In 2005 heeft belanghebbende met betrekking tot dit medicijn met de Staat der Nederlanden een overeenkomst (hierna: de overeenkomst) gesloten, waarvan de inhoud voor zover van belang is opgenomen in rechtsoverweging 2.2 van ’s Hofs uitspraak.
3.1.3.
In de overeenkomst is bepaald dat de Staat aan belanghebbende een financiële bijdrage van maximaal € 3.000.000 verstrekt met het oog op de verdere ontwikkeling van het medicijn. In de overeenkomst is een voortgangsschema opgenomen met verschillende stadia van ontwikkeling. Per stadium is aangegeven welke werkzaamheden belanghebbende verricht, welke de kosten zijn van die werkzaamheden, en welke de bijdrage is die de Staat geeft.

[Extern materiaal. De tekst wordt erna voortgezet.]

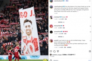 若塔的遺孀魯特爾也在賽后通過(guò)社媒曬出現(xiàn)場(chǎng)照表示感謝:“我由衷感謝俱樂(lè)部和所有球迷在這段無(wú)比艱難的時(shí)期所展現(xiàn)出的愛(ài)、尊重和支持。你們的留言以及行動(dòng)讓我感動(dòng)到難以用言語(yǔ)表達(dá)??”。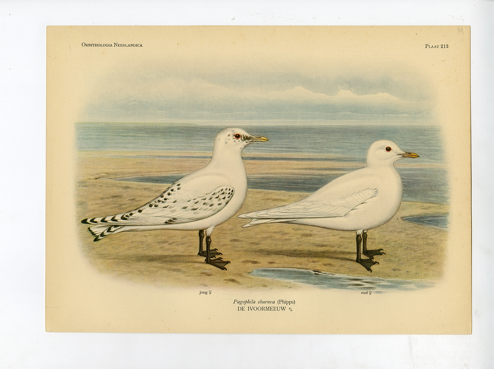 Onderwerp: Antieke prent, getiteld: ‘Pl. 213. Ornithologica Neerlandica. Pagophila eburnea – De Ivoormeeuw’ – Dit bord toont de ivoren meeuw (Pagophila eburnea).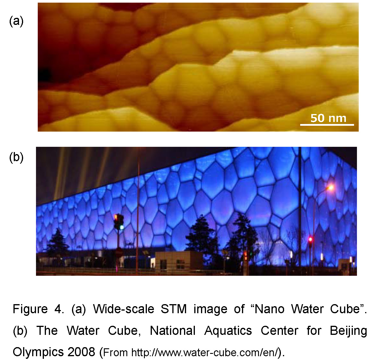 Surprisingly, beneath the plumbene, a palladium-lead (Pd-Pb) alloy thin film forms with a bubble structure (Fig. 4 (a)) reminiscent of a Weaire-Phelan structure (which partitions space into cells of equal volume with the least total surface area of the walls between them, solving the "Kelvin Problem"). The Weaire-Phelan structure was the inspiration for the design of the Beijing National Aquatics Centre ("Water Cube") of the 2008 Olympics in Beijing (Fig. 4 (b)).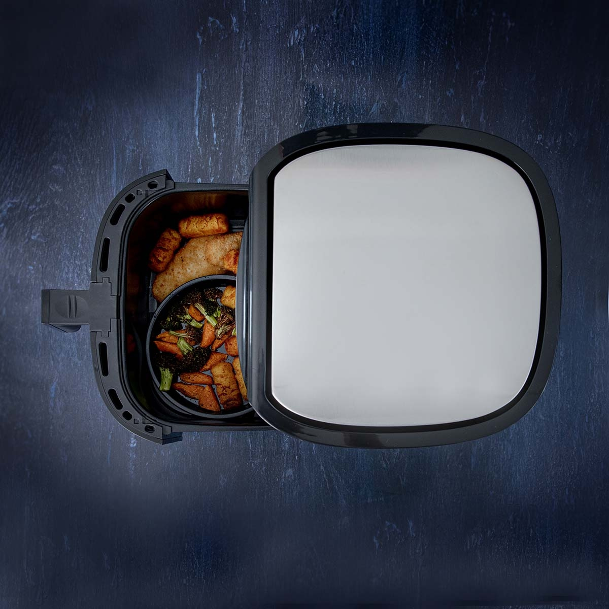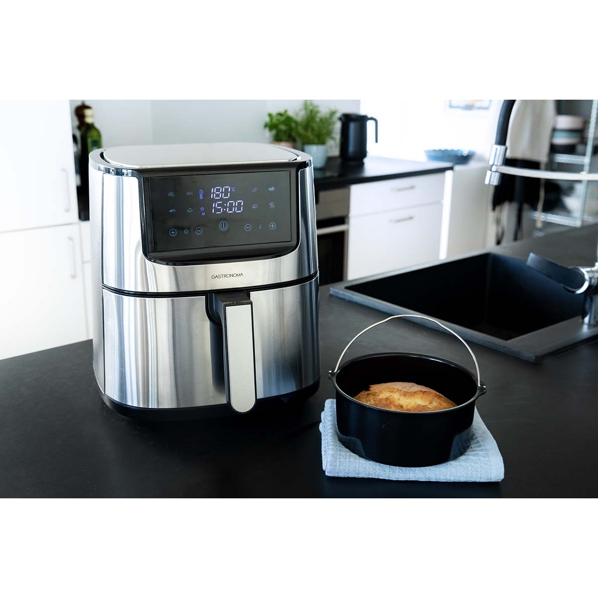 Tilbered mat raskt og enkelt med Gastronoma Airfryer. Denne airfryeren har en romslig kapasitet på 8 liter og leveres med diverse tilbehør som kakeform, pizzapanne og grillstativ, alle med PFAS-fritt keramisk belegg. Du kan velge mellom 8 automatiske programmer eller stille inn temperaturen fra 80-200 °C og timeren på opptil 60 minutter. Det raske luftsirkulasjonssystemet sørger for jevn tilberedning og sparer energi, mens overopphetingsbeskyttelse, sklisikre føtter og cool touch-håndtak sikrer trygg bruk. Med justerbar termostat, LED-display og berøringsskjerm er denne airfryeren både brukervennlig og effektiv. Den vakre designen i rustfritt stål og svart plast passer perfekt inn i ethvert moderne kjøkken. Gjør matlagingen til en lek med Gastronomas Airfryer.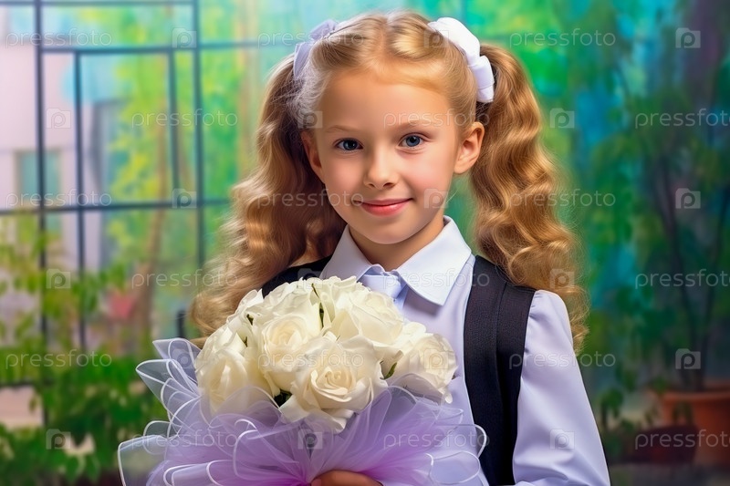 Портрет первоклассницы с букетом цветов. Генеративный ИИ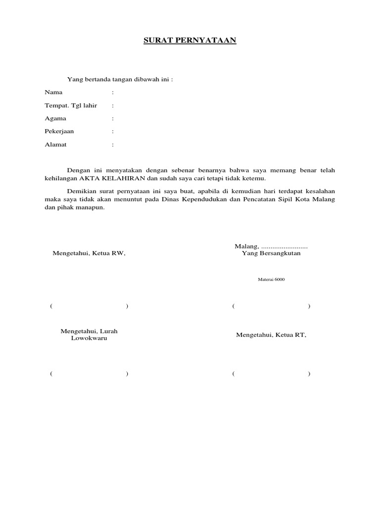 Ada contoh surat pernyataan perjanjian contoh surat pernyataan kesalahan contoh surat pernyataan diri contoh surat pernyataan kerja contoh surat pernyataan sekolah contoh surat pernyataan hutang contoh surat pernyataan bahasa inggris dan contoh surat pernyataan lainnya. Surat kehilangan biasanya dikeluarkan pihak berwenang seperti polisi atas laporan yang merasa kehilangan.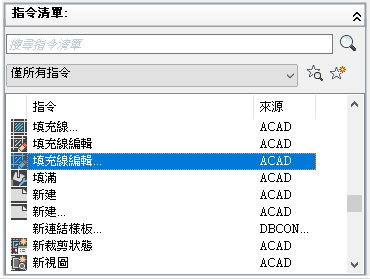 「指令清單」窗格包含可在目前載入的 CUIx 檔中使用的所有指令。您可以選取既有指令從清單以修改其性 質」或「建立新指令」。如果您想要建立新指令,指令會加入 CUIx 檔,並顯示在「<檔名> 中的自訂」窗格頂部附近的下拉式清單中。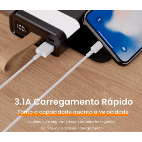 Com 20.000mAh de capacidade real, ele é ideal para carregar vários dispositivos ao mesmo tempo, contando com 4 cabos integrados e múltiplas saídas USB que eliminam a necessidade de fios extras.

Voorts bepaalt de overeenkomst dat de Staat bij succesvolle registratie van het medicijn het recht heeft als meest bevoorrechte koper (‘most favoured customer’) het medicijn aan te schaffen tegen een gereduceerde prijs, alsmede het recht het medicijn voor defensiedoeleinden te gebruiken zonder betaling van royalty’s. Voorts houdt de overeenkomst in dat belanghebbende op verzoek van de Staat een door deze te bepalen vaste voorraad van het medicijn zal aanhouden.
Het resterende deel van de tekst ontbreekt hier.